Tuesday, May 15, 2018

Week 21: Safe & Secure in Surakarta

We will send just a short post today to let you all know that we are safe and secure here in our beautiful Surakarta. We have been instructed to remain in our apartment for a couple of days until things calm down a bit so I am writing while quarantined.  The bombings you have heard about in Indonesia happened about 130 miles from us in a very large city called Surabaya.  Surabaya is the second largest city in Indonesia behind Jakarta with a population of nearly four million people.  Surabaya is the capital city of the province of East Java.  

Solo, where we live, is about half way between Jakarta and Surabaya.  The previous mayor of Solo is now the President of the Country and while he was a leader here in Solo (the nickname for Surakarta) he really worked hard to preserve the identify of Solo as the cultural capital of Java.  Java is the largest and most populous island of Indonesia.  Javanese, as people from Java are called, have a very unique and rich culture of art, dance, lore and language.  Solo was the home of the King of central Java for hundreds of years so much of the culture originated here and many special schools exist to teach young people art and music of the traditional Javanese.  They often refer to traditional Javanese food, traditional Javanese songs, traditional Javanese musical instruments, traditional Javanese clothing, traditional Javanese puppets or traditional Javanese stories.  Much of the Javanese history is recorded in traditional Javanese art represented by interesting characters with long pointed noses and odd shaped bodies looking similar to what we in America might call “caricatures”.  Bright oranges, yellows, reds and lime greens are typically used.  
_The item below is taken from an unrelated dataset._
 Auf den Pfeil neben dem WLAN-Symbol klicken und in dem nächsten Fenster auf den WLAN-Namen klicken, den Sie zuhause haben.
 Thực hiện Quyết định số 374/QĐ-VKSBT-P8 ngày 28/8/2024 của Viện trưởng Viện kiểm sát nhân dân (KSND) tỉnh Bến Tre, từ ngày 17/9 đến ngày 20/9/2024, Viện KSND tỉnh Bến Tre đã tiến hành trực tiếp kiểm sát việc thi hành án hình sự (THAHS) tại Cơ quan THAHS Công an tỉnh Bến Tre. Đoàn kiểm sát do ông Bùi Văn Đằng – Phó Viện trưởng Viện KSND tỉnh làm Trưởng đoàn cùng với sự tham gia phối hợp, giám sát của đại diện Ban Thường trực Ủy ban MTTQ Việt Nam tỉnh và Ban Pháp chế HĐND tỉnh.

A young man that is studying with us comes from a long line of artists and he has a degree from an Art Institute here in Solo.  His pieces are usually large murals worth a great deal of money (by Indonesian standards).  I will include a small sample below.  This picture tells a story that unfortunately I cannot remember so you could probably just make one up and tell it to your children, which is probably what I would do if I were home.


His family were also designers of “batik” which is a word used to describe the patterns on fabric.  Most regions and cities in Java have their own unique patterns and colors; each style has a name and their are hundreds of them.  A collector, who has a museum just a few blocks from where we live can reportedly recognize and name all of them.  Over the years, Solo has become the center for the textile industry in Indonesia and while now manufacturing textiles of all kinds for sale all over the world, the design and production of batik fabric is centered in and around Surakarta. Three distinct quality levels have evolved for batik fabric.  
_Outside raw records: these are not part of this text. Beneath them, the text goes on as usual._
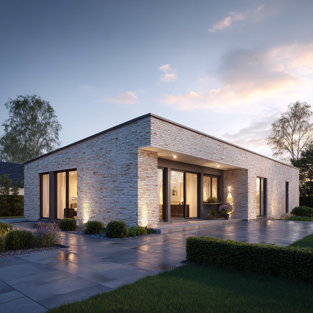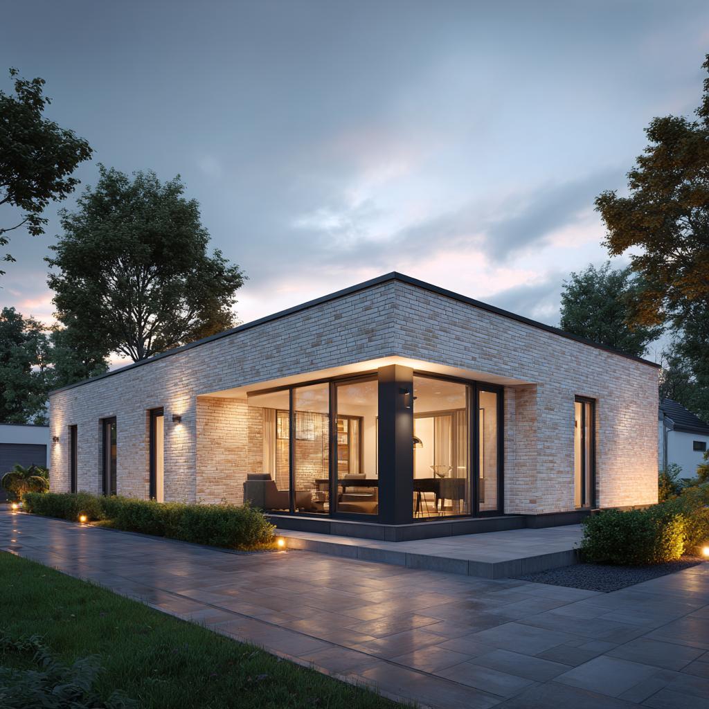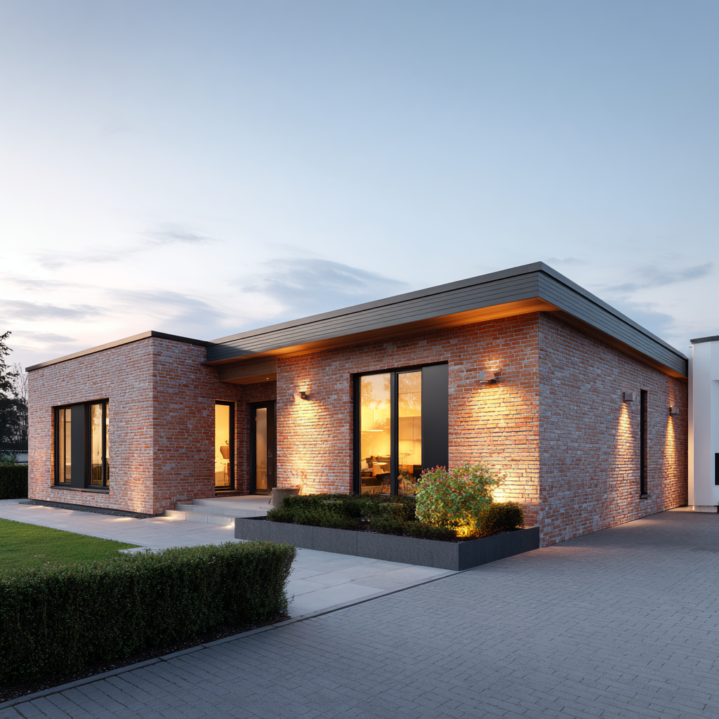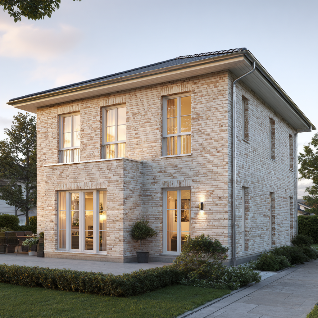 Der Backstein Modern 150 ist ein elegantes, modern interpretiertes Klinkerhaus mit sandbeiger Fassade und klarer Formensprache. Großformatige Fenster und ein reduzierter Garten verleihen ihm eine ruhige, hochwertige Ausstrahlung – zeitlos, norddeutsch und angenehm zurückhaltend.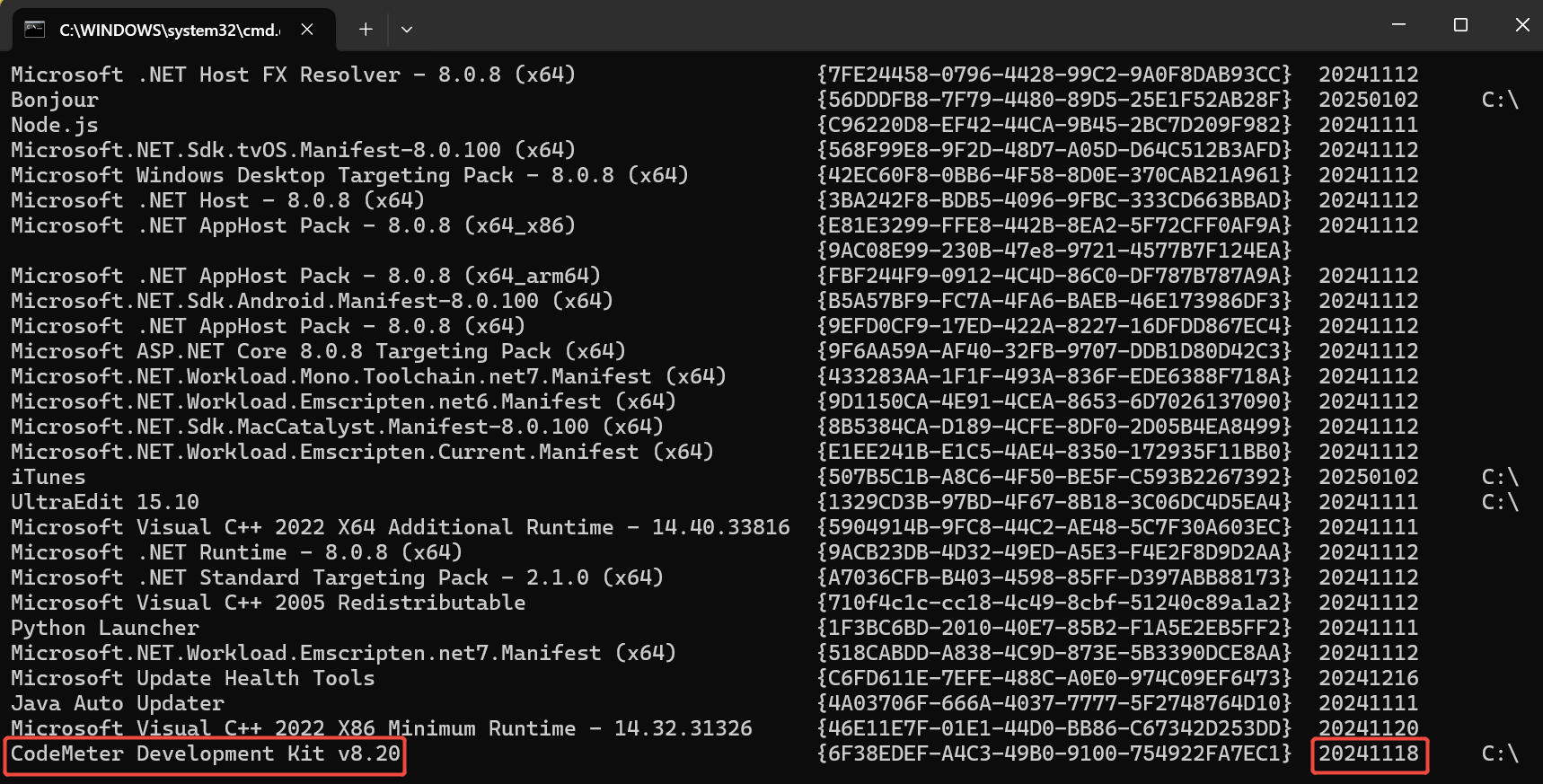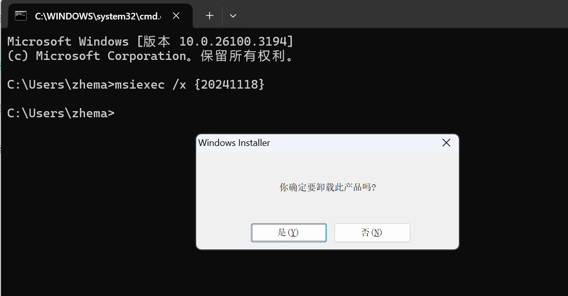 3.复制下想要删除的软件id,重新打开cmd,输入msiexec /x {卸载软件的id}命令进行卸载,如下图所示: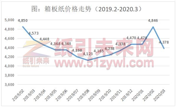 一季度國內包裝紙平均價格約為4612元/噸,同比下降3.8%,3月跌幅較大,較2月下跌9.8%。
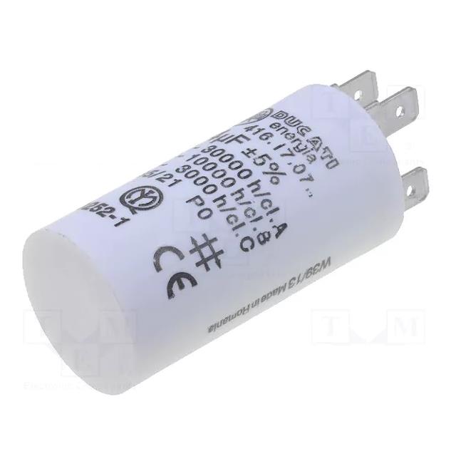 Motorkondensator / driftkondensator. Kan även användas som startkondensator så länge kapacitansen är korrekt.

The most expensive batik is all hand made by artists who make their design on the fabric  then use melted wax contained in a small vessel that has a spout and is carefully and painstakingly applied to the fabric.  Each piece of fabric is made individually sometimes taking as much as 4-6 weeks to make a single piece.  When the wax is fully applied, the fabric is dipped into the colored dye and then the wax is melted off leaving the artists pattern on the fabric.  Solo batik has three colors, tan, white and black and all Solo batik is made of some combination of these colors with the pattern going from top right to bottom left.  

Each successive color requires a reapplication of wax and additional dips into the dye.  Traditionally, the King had a staff of professional designers and craftspeople that worked full-time making fabric for the King, his family and special members of the court.  The industry spread beyond the walls of the palace into the more common folk by developing brass stamps that enabled craftsmen to reproduce patterns over and over and make them more affordable for the common people. Now days patterns are simply printed on fabric in a wide variety of colors and modern designs but Solo is working hard to preserve the traditions of batik and trying to teach children the meaning of the traditional stories behind them.



Even modern dress styles retain a hint of the batik to them.  They had a small fashion show in the lobby of our apartments/hotel complex recently.


Sister Miller and I are very fortunate to live here in Solo.   I do believe that the efforts to preserve Javanese Culture here in Solo have contributed somewhat to way of life more resistant to what we are seeing in larger cities like Jakarta and Surabaya.  The political and spiritual leaders throughout Indonesia are aggressively working to push back efforts to bring undesirable elements from countries in the Middle East and we pray for the people we are learning to love so much that they are successful.

Sister Miller would never do this but here is what I lounge in now while in our apartment. :)  It is called a “Sarung”.


Elder and Sister Miller

1 comment:

  1. We're so glad you're safe! And we love hearing about all the ways you're able to minister to the people of Indonesia! Who would've thought you'd have such diverse and varied experiences and ways to serve and love others. I just had a hearing test today (mainly because of the constant loud ringing in my ears!) Keep us posted on the young man who listened to Conference- what a sweet story! All your stories and posts are incredible- so glad you're able to make such a difference in peoples' lives! We love you both!